Omit the images. Copy each entry word for word.

• **Exercise inputs**:
------------------------------------------------------------------------

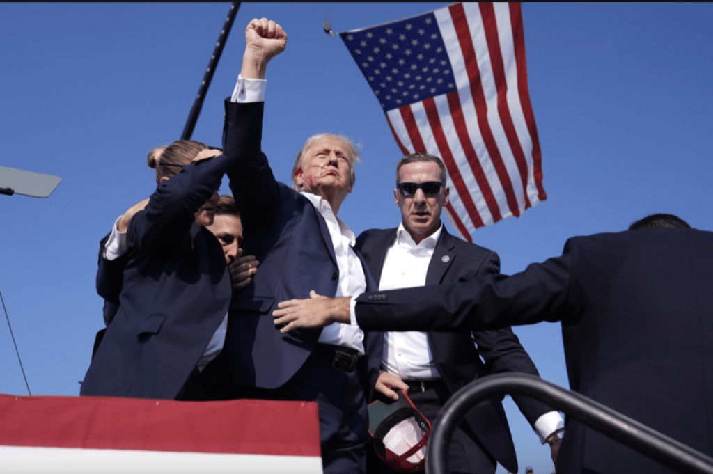 ▲這張特朗普遇刺受傷后,在國旗下振臂的照片成為經典照。 美聯社
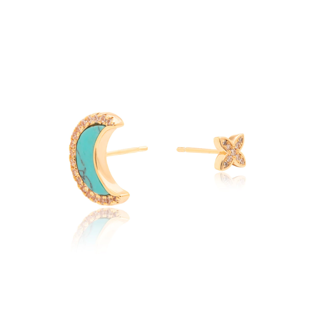 Lua com pedra raolita turquesa com zircônias, 14 mm largura por 11 mm altura.
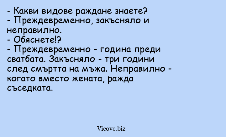 - Преждевременно - година преди сватбата. Закъсняло - три години след смъртта на мъжа. Неправилно - когато вместо жената, ражда съседката.
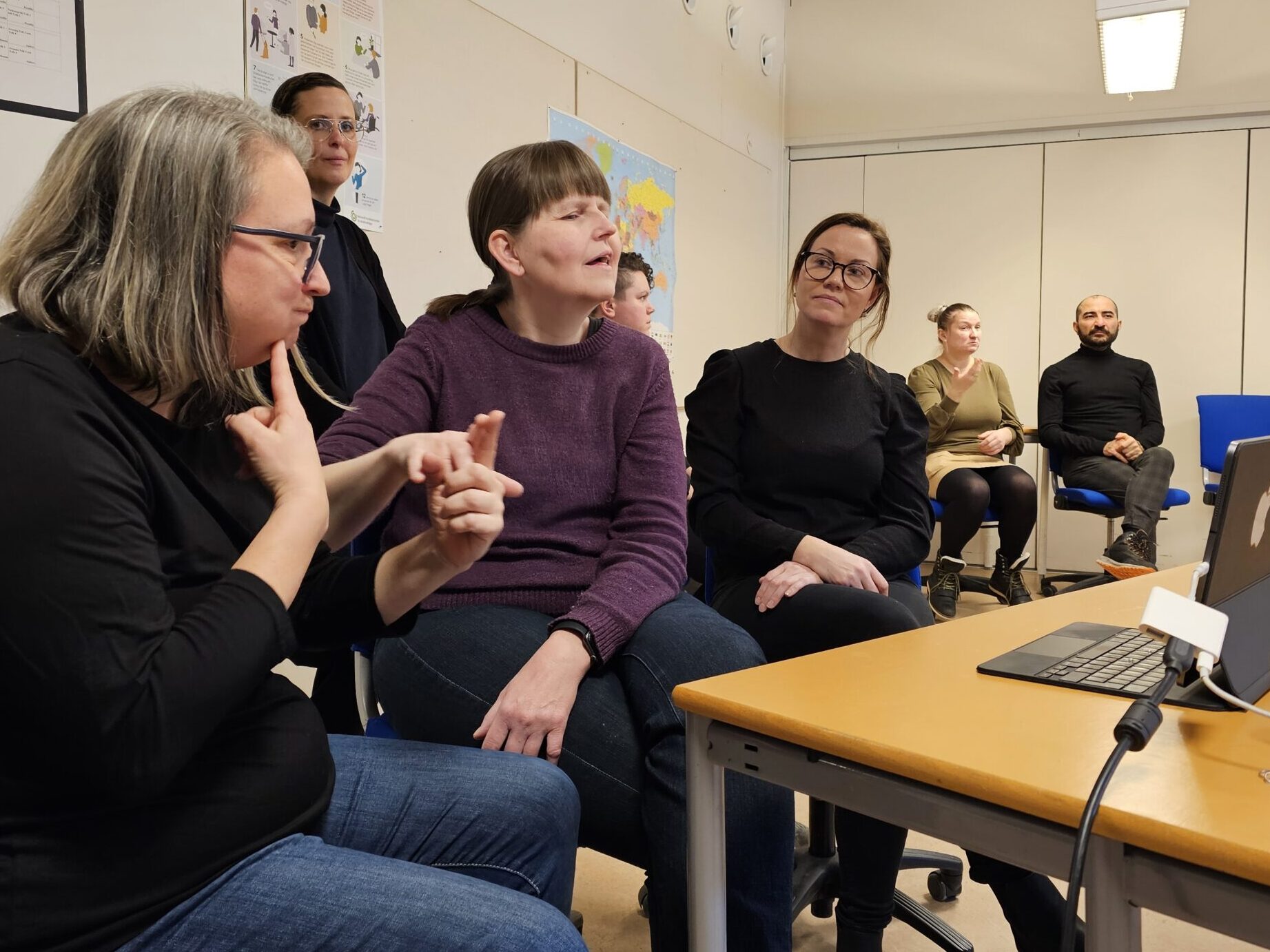 Tolkutbildning för döva Tolkutbildning för döva Utbildningens mål är bland annat att få ökad kunskap om tolkning, etik och kommunikation samt att utveckla tolkningsprocessen med olika kommunikativa strategier. Tio fysiska träffar under utbildningen. Praktik ingår i utbildningen. Vill du arbeta med människor? hitta flera kommunikationssätt i tolksituationer? utveckla dig i din yrkesroll? Då passar den här utbildningen dig! Kurslängd: 2 år, halvtid Målgrupp: Personer med svenskt teckenspråk som sitt förstaspråk Plats: Distans Ansökan, år 2024-2026: Stängd Läs mer
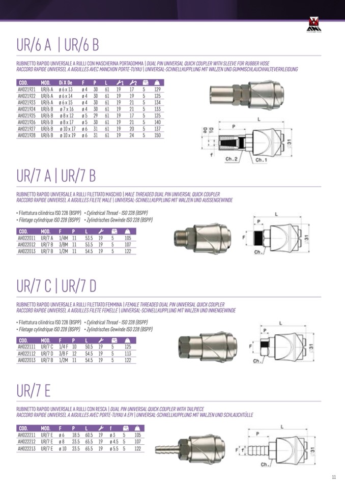 RACCORD RAPIDE UNIVERSEL A AIGUILLES AVEC PORTE-TUYAU A EPI | UNIVERSAL-SCHNELLKUPPLUNG MIT WALZEN UND SCHLAUCHT
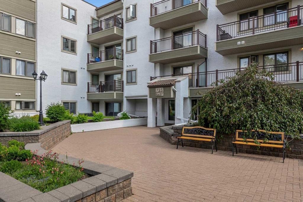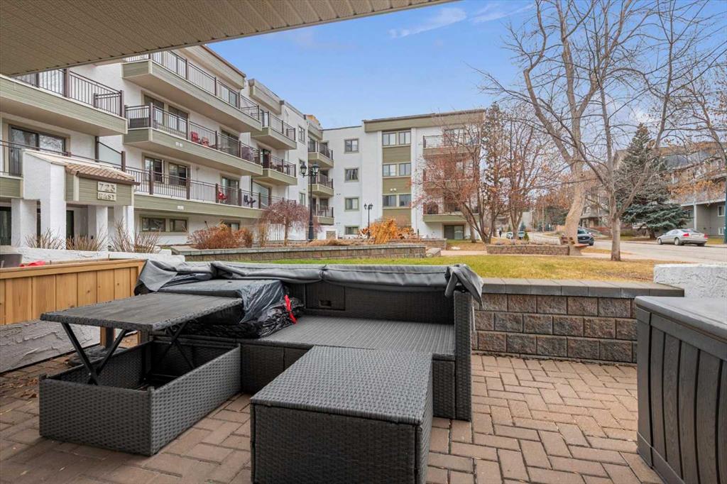 Well-maintained and thoughtfully updated Adult living 40+ building, this main floor 2-bedroom unit in Windsor Park offers comfortable living in a highly convenient location. The home features updated flooring and lighting, along with a refreshed kitchen complete with stainless steel appliances. The bathroom has also been updated with modern fixtures and includes a relaxing jacuzzi tub. Over the years, additional improvements include interior doors, trim, and electrical updates. The unit offers the added convenience of in-suite laundry and extra storage. As an end unit with no neighbours on either side, it offers added privacy along with a side window off the dining area that creates a natural cross-breeze—helping keep the space comfortable during warmer months. The covered exposure over the patio provides some welcome shade for those hot summer days. An assigned parking stall is included. Ideally located just steps to transit with quick access to downtown, and close to Chinook Centre, the LRT, grocery stores, and everyday amenities, this is a highly walkable and accessible location. The building has undergone ongoing exterior improvements and shows pride of ownership throughout, with a strong reserve fund in place. A great opportunity for those seeking value in an established central community. Quiet building. Non-smoking home. No pets permitted. Below grade on main level, vacant and easy to show. Flexible possession.
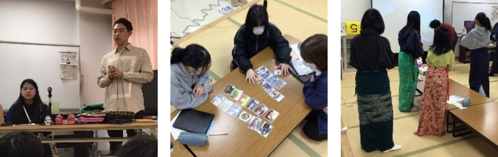 野中さんが制作したミャンマーに関するクイズ大会、ヤンゴンかるた大会を通じてミャンマー、ヤンゴンの歴史や文化について学びました。また、ロンジー(民族衣装)体験では、児童生徒が色とりどりの布に素敵な刺繍が施されたロンジーを試着しました。
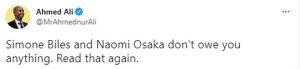 Though another tweet from @MrAhmednurAli simply reads, “Simone Biles and Naomi Osaka don’t owe you anything. Read that again.”
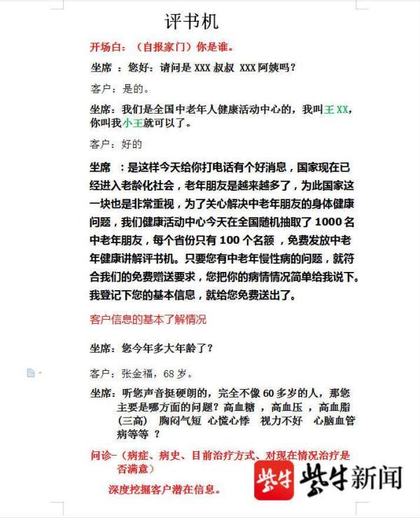 “话术”指南明确写有对话步骤,即:谎称专家——问诊病情——销售产品。
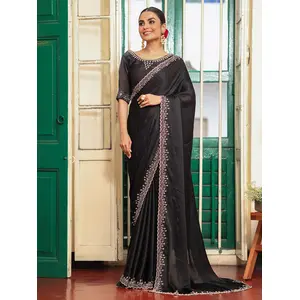 Black Color Fendy Satin Fabric Zarkan...
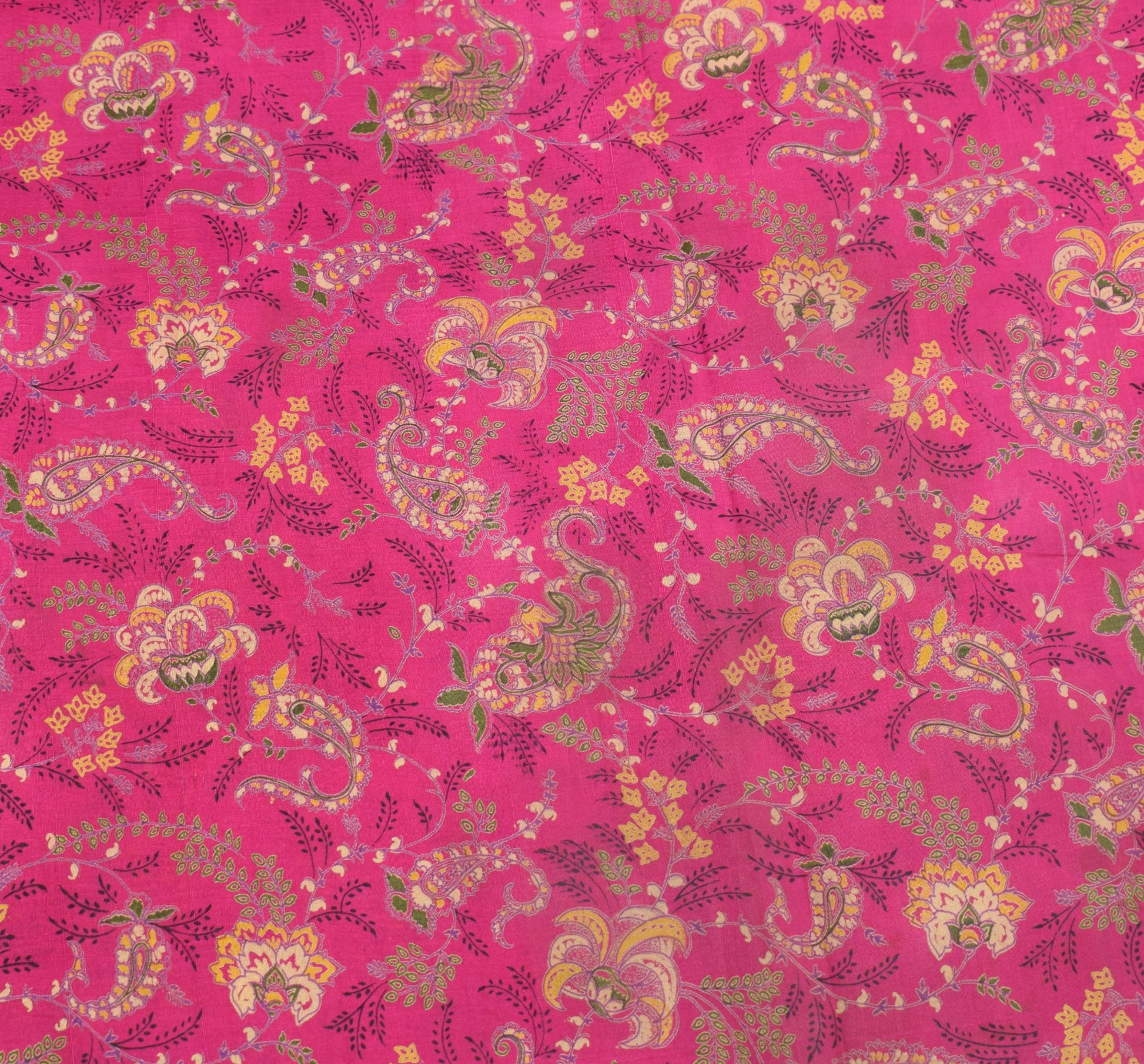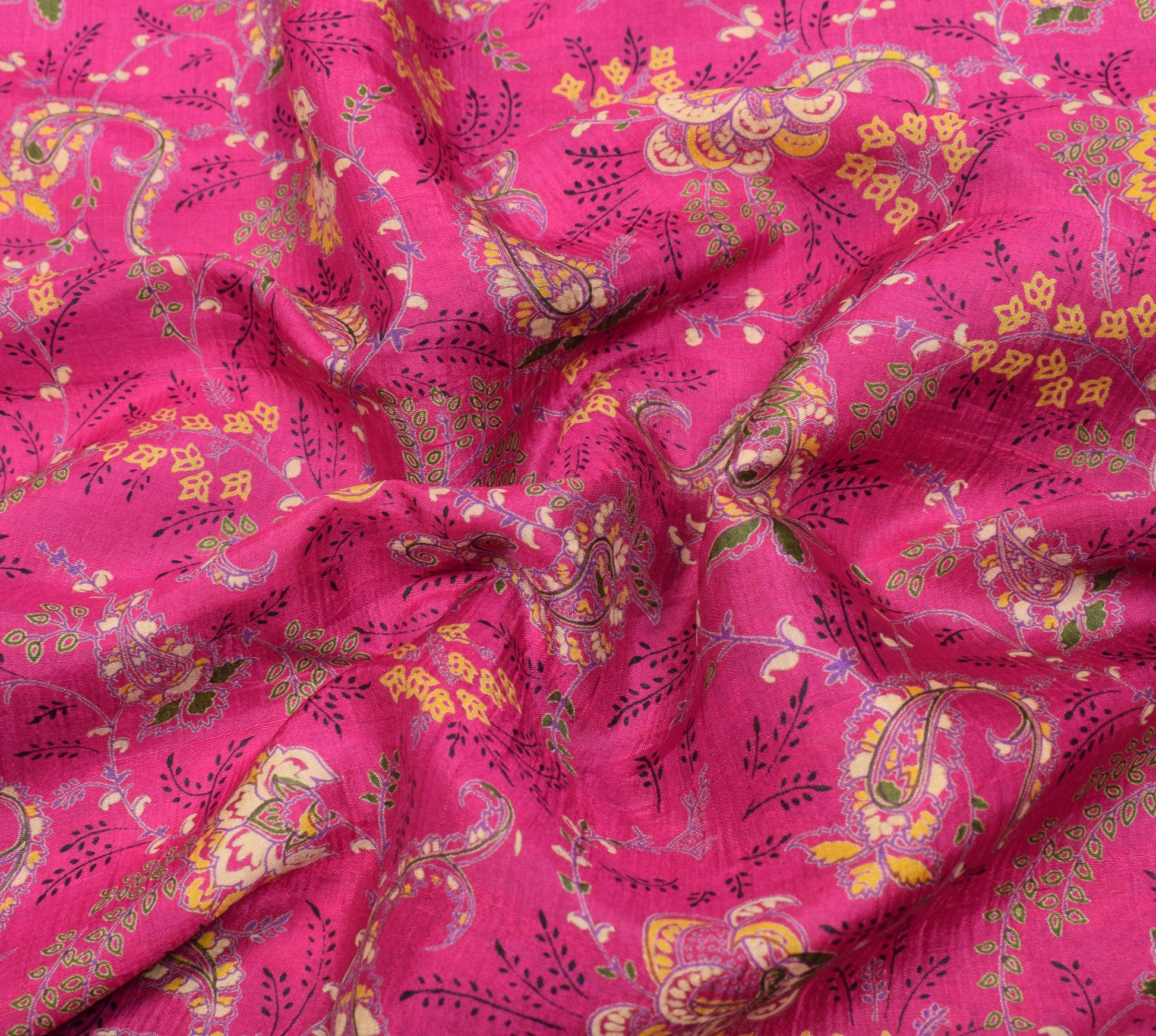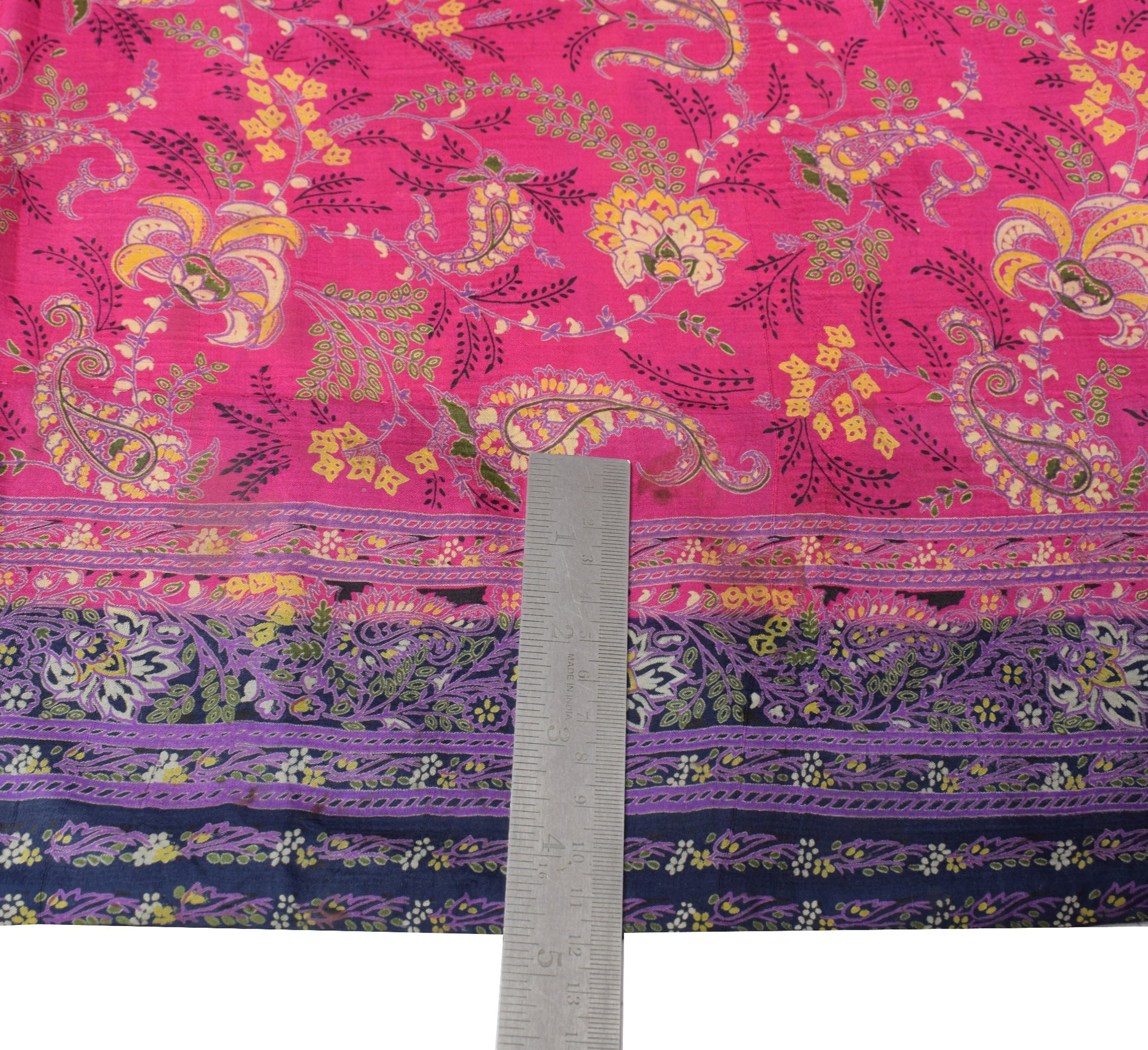 Sushila Vintage Magenta Paisley Printed Saree 100% Pure Silk Soft Craft Fabric

------------------------------------------------------------------------

• **Answer section**:
 ▲這張特朗普遇刺受傷后,在國旗下振臂的照片成為經典照。 美聯社
 Lua com pedra raolita turquesa com zircônias, 14 mm largura por 11 mm altura.
 - Преждевременно - година преди сватбата. Закъсняло - три години след смъртта на мъжа. Неправилно - когато вместо жената, ражда съседката.
 Tolkutbildning för döva Tolkutbildning för döva Utbildningens mål är bland annat att få ökad kunskap om tolkning, etik och kommunikation samt att utveckla tolkningsprocessen med olika kommunikativa strategier. Tio fysiska träffar under utbildningen. Praktik ingår i utbildningen. Vill du arbeta med människor? hitta flera kommunikationssätt i tolksituationer? utveckla dig i din yrkesroll? Då passar den här utbildningen dig! Kurslängd: 2 år, halvtid Målgrupp: Personer med svenskt teckenspråk som sitt förstaspråk Plats: Distans Ansökan, år 2024-2026: Stängd Läs mer
 RACCORD RAPIDE UNIVERSEL A AIGUILLES AVEC PORTE-TUYAU A EPI | UNIVERSAL-SCHNELLKUPPLUNG MIT WALZEN UND SCHLAUCHT
 Well-maintained and thoughtfully updated Adult living 40+ building, this main floor 2-bedroom unit in Windsor Park offers comfortable living in a highly convenient location. The home features updated flooring and lighting, along with a refreshed kitchen complete with stainless steel appliances. The bathroom has also been updated with modern fixtures and includes a relaxing jacuzzi tub. Over the years, additional improvements include interior doors, trim, and electrical updates. The unit offers the added convenience of in-suite laundry and extra storage. As an end unit with no neighbours on either side, it offers added privacy along with a side window off the dining area that creates a natural cross-breeze—helping keep the space comfortable during warmer months. The covered exposure over the patio provides some welcome shade for those hot summer days. An assigned parking stall is included. Ideally located just steps to transit with quick access to downtown, and close to Chinook Centre, the LRT, grocery stores, and everyday amenities, this is a highly walkable and accessible location. The building has undergone ongoing exterior improvements and shows pride of ownership throughout, with a strong reserve fund in place. A great opportunity for those seeking value in an established central community. Quiet building. Non-smoking home. No pets permitted. Below grade on main level, vacant and easy to show. Flexible possession.
 野中さんが制作したミャンマーに関するクイズ大会、ヤンゴンかるた大会を通じてミャンマー、ヤンゴンの歴史や文化について学びました。また、ロンジー(民族衣装)体験では、児童生徒が色とりどりの布に素敵な刺繍が施されたロンジーを試着しました。
 Though another tweet from @MrAhmednurAli simply reads, “Simone Biles and Naomi Osaka don’t owe you anything. Read that again.”
 “话术”指南明确写有对话步骤,即:谎称专家——问诊病情——销售产品。
 Black Color Fendy Satin Fabric Zarkan...
 Sushila Vintage Magenta Paisley Printed Saree 100% Pure Silk Soft Craft Fabric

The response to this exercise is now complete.